我认为RNN应该可以实现,因此我目前正在使用Keras的LSTM.在训练之前,我会通过以下方式预处理我的数据:

I think this should be possible with RNN, so I am currently using LSTM from Keras. Before training, I preprocess my data the following way:

  1. 丢弃第一年的数据,因为墙体的湿热响应的最初步骤受初始温度和相对湿度的影响.
  2. 分为训练和测试集.训练集包含前8年的数据,测试集包含余下的2年.
  3. 使用Sklearn中的StandardScaler归一化训练集(零均值,单位方差).类似地使用均值与训练集的方差归一化测试集.
  1. Discard first year of data, as the first time steps of the hygrothermal response of the wall is influenced by the initial temperature and relative humidity.
  2. Split into training and testing set. Training set contains the first 8 years of data, the test set contains the remaining 2 years.
  3. Normalise training set (zero mean, unit variance) using StandardScaler from Sklearn. Normalise test set analogously using mean an variance from training set.

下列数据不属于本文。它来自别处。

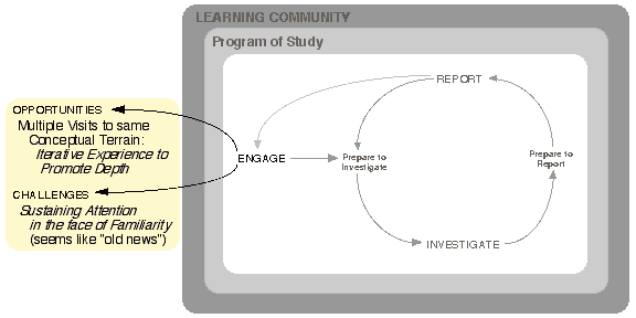 The GIsML Project > Heuristic > Phases of InstructionPhases of InstructionEngaging in the inquiry.The beginning of GIsML instruction involves becoming engaged about a question of phenomenon that one will study, and part of becoming engaged means determining what can be investigated to determine a response to the guiding question. Students and teachers work together to identify and specify events, objects, or ideas that will be useful to investigate in responding to the guiding question. Specific questions guide the inquiry in particular cycles regarding the selected events, objects, or ideas of study. Determining an appropriate specific focus, and making sure that everyone understands the focus and its relationship to the overall topic of study, are important elements of this step. When that understanding is expected (by teachers and students), an important foundation for building conceptual understanding is established.

结果为:X_train.shape = (1, 61320, 12)y_train.shape = (1, 61320, 10)X_test.shape = (1, 17520, 12)y_test.shape = (1, 17520, 10)

由于这些都是很长的时间序列,因此我使用有状态LSTM并按

As these are long time-series, I use stateful LSTM and cut the time-series as explained here, using the stateful_cut() function. I only have 1 sample, so batch_size is 1. For T_after_cut I have tried 24 and 120 (24*5); 24 appears to give better results. This results in X_train.shape = (2555, 24, 12), y_train.shape = (2555, 24, 10), X_test.shape = (730, 24, 12), y_test.shape = (730, 24, 10).

接下来,我按照以下步骤构建和训练LSTM模型:

Next, I build and train the LSTM model as follows:

model = Sequential()
model.add(LSTM(128, 
               batch_input_shape=(batch_size,T_after_cut,features), 
               return_sequences=True,
               stateful=True,
               ))
model.addTimeDistributed(Dense(targets)))
model.compile(loss='mean_squared_error', optimizer=Adam())

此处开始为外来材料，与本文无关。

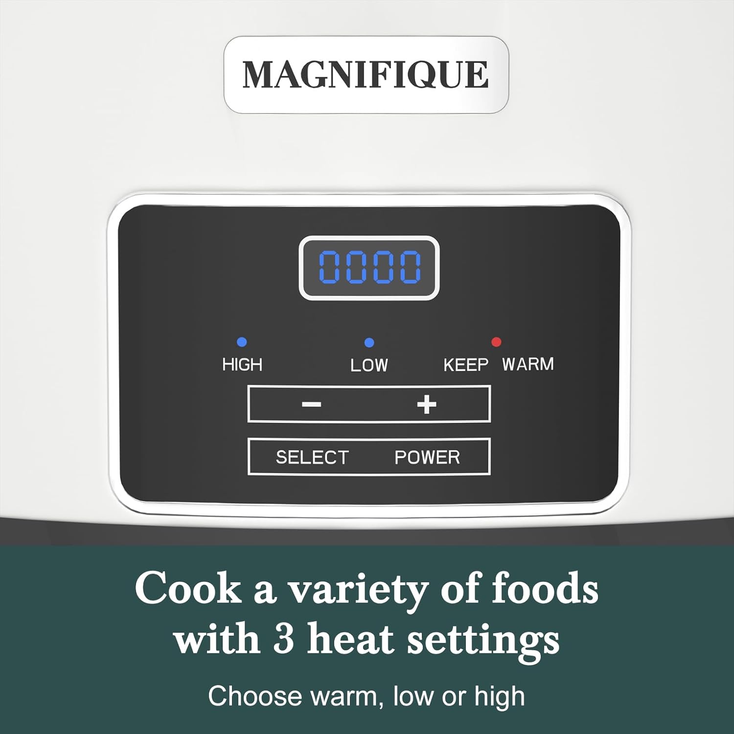 - The slow cooking function of the MAGNIFIQUE Oval Digital Slow Cooker ensures tender and flavorful results, as it gently cooks ingredients over a longer period of time

model.fit(X_train, y_train, epochs=100, batch_size=batch=batch_size, verbose=2, shuffle=False)

不幸的是,我没有得到准确的预测结果;即使对于训练集也是如此,因此该模型具有较高的偏差.

Unfortunately, I don't get accurate prediction results; not even for the training set, thus the model has high bias.

所有目标的LSTM模型的预测结果

如何改善我的模型?我已经尝试了以下方法:

How can I improve my model? I have already tried the following:

  1. 不丢弃数据集的第一年->没有显着差异
  2. 区分输入特征的时间序列(从当前值中减去先前的值)->结果稍差
  3. 多达四个堆叠的LSTM层,都具有相同的超参数->结果无明显差异,但训练时间更长
  4. 在LSTM层之后退出层(尽管通常用于减少方差,并且我的模型具有较高的偏差)->结果略好,但差异可能不具有统计意义

我对有状态LSTM做错了什么吗?我需要尝试不同的RNN模型吗?我应该对数据进行不同的预处理吗?

Am I doing something wrong with the stateful LSTM? Do I need to try different RNN models? Should I preprocess the data differently?

此外,培训非常缓慢:上述模型大约需要4个小时.因此,我不愿意进行广泛的超参数网格搜索...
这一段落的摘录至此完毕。